Но было уже поздно. Он успел захватить наплыв образов: не слов, а именно образов – ощущений. Сперва он почувствовал древнюю темную мудрость почти за пределами человеческого понимания и понял, что это не человек. Потом он почувствовал страшное и безропотное одиночество – тоску по кому-то, кто скорее всего никогда не придет. Сознание цветочника было как пустота, способная чувствовать, но уже не способная испытывать боль и печаль. Холодная пустота – холоднее, чем ночь. Дух сам не понял, что заставило его сказать:

– Вам станет теплее, когда к вам приедут друзья.

Бледный мужчина резко подался вперед.

– Какие друзья? У тебя есть новости от Зиллаха?

Дух отпрянул назад.

– Нет… я имею в виду… я знаю только, что кто-то едет сюда… то есть у меня чувство, что кто-то приедет за вами и вас заберет. Или, может быть, вы тут живете поблизости… – Он замолчал, опасаясь сказать что-то не то. Ему редко когда приходилось оправдываться за свое знание. Не всем людям нравится, когда ты заглядываешь им в душу, – как-то сказала ему бабушка, когда он был еще совсем юным. – Так что заглядывай, если так будет нужно, но держи рот на замке. Бабушка умерла шесть лет назад, и с тех пор Дух говорил о подобных вещах только со Стивом и больше ни с кем. Но иногда какое-то знание просто всплывало у него в голове, и он высказывал эту мысль вслух еще до того, как успевал понять, что именно он говорит. Едва он почувствовал эту страшную пустоту, которой исходил цветочник в черном, он уже знал, что его друзья где-то близко и уже очень скоро он с ними встретится. Ему было страшно даже задуматься, что это могут быть за друзья – может, воскресшие близнецы из его сна или еще того хуже, – но он должен был высказать то, что сказал. Ему очень хотелось, чтобы эти холодные глаза стали хоть чуточку теплее.

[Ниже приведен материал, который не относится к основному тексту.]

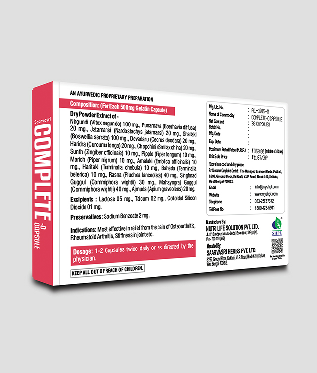 Saarvasri Herbs Complete-O Capsule is a wonderful product for relieving pain & inflammation. It is enriched with many important natural herbs to control Arthritis, Osteo-arthritis, Muscle and Joint Pain. It is the best and complete solution for your pain.

Но когда они зажглись жадным огнем, Духу вдруг стало страшно. Его захватила глупая паника, которая настойчиво билась в сознании, как мотылек бьется в стекло, – ему захотелось спрятаться и ничего не знать. Ничего не видеть. Что-то должно случиться, – подумал он. – Что-то очень плохое. И это уже началось.

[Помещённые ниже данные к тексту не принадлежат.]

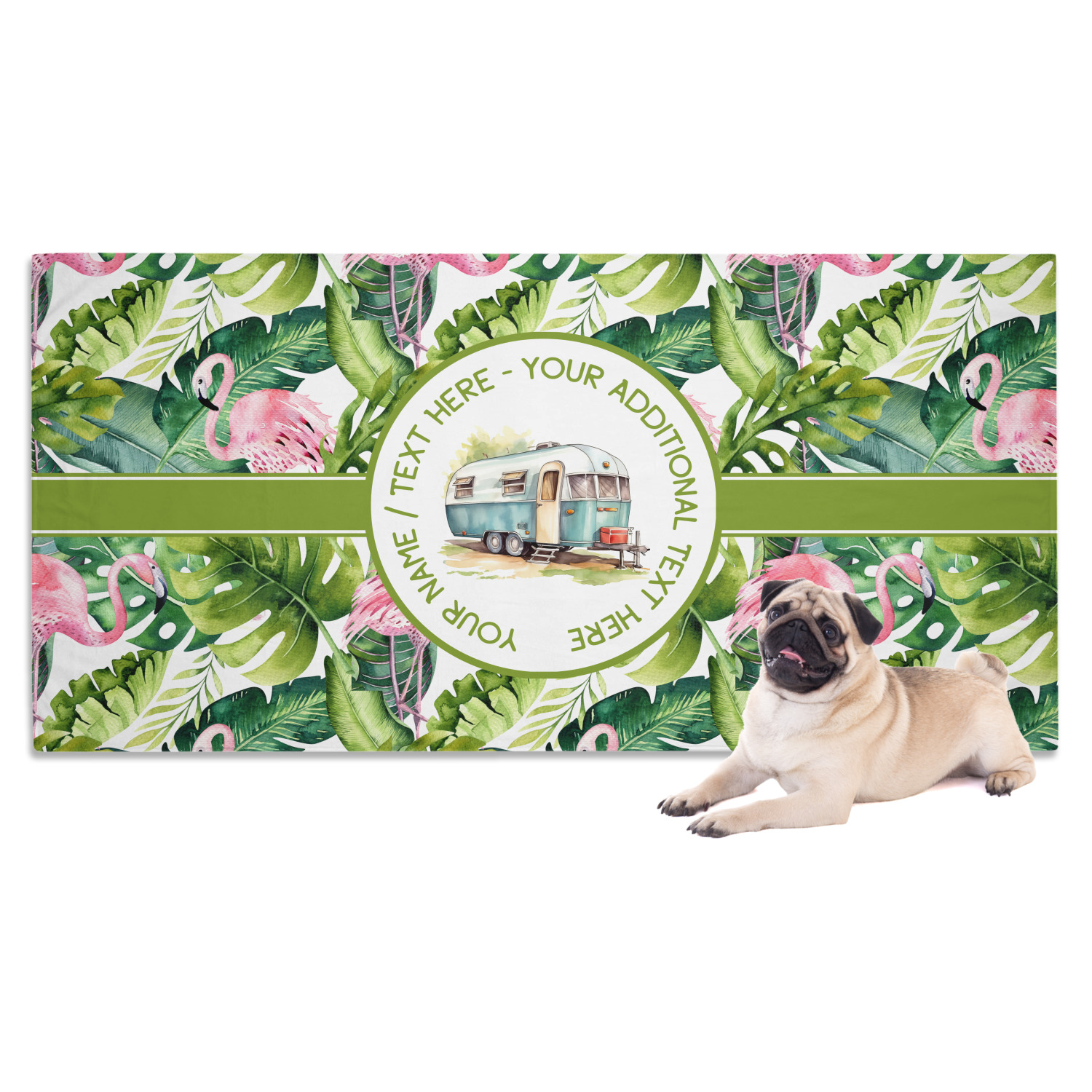 Our custom towels are crafted from a special blend of polyester and polyamide, which contributes to its lightweight, yet thoroughly absorbent nature. We craft it as such to guarantee efficiency as a convenient product; its lightweight nature makes it easy to roll up and carry along, yet it is still able to dry off even the wettest, muddiest pet. It measures at 60" x 30" and is sizable enough to dry off even the largest of pets. With our towel's gentle, soft-to-the-touch material, your pet will be sure to anticipate its warm, dry embrace. We print your personalized design on the front of the towel, while the back is white.

– Ты их не знаешь, – безо всякого выражения произнес цветочник.

Теперь Духу было уже не страшно. Теперь он чувствовал только кошмарное одиночество этого человека – даже, вернее, не чувствовал, а сопереживал. Он был таким же пустым, как фонарь из выдолбленной тыквы. А если бы тебя никто не любил? А если бы ты был совсем один?

– Простите, мне очень жаль, – пробормотал Дух. Цветочник перегнулся через дощатый прилавок. Он встретился взглядом с Духом и облизал свои бледные губы. Его тонкие руки дрожали. Потом он взглянул на луну, выпрямился в полный рост и сцепил пальцы в замок.

– Уезжай, – сказал он.

– Что?…

– Я говорю, уезжай. – Теперь его холодные глаза горели лихорадочным блеском отчаяния. Голодным блеском отчаяния. – Уезжай, если хочешь жить.

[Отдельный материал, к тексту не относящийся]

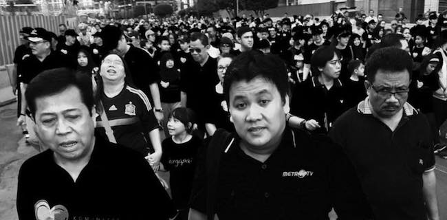 Metro TV dengan papa. Indahnya kekompakan dan kerjasama," tulis mantan Ketua Aliansi Jurnalis Independen (AJI) Jakarta ini.

Небо уже потемнело. В сгустившемся сумраке лицо цветочника стало каким-то хищным – его черты заострились. Он издал невнятный глухой звук, исполненный все того же изголодавшегося отчаяния. Впечатление было такое, что он сейчас просто своротит прилавок и накинется на Духа, как дикий зверь. Но Дух уже несся прочь, что есть мочи крутя педали и придерживая одной рукой шляпу, чтобы она не слетела. Через пару минут он остановился и оглянулся через плечо. Но деревянный прилавок и фигура цветочника – если он еще был там – уже растворились в темноте.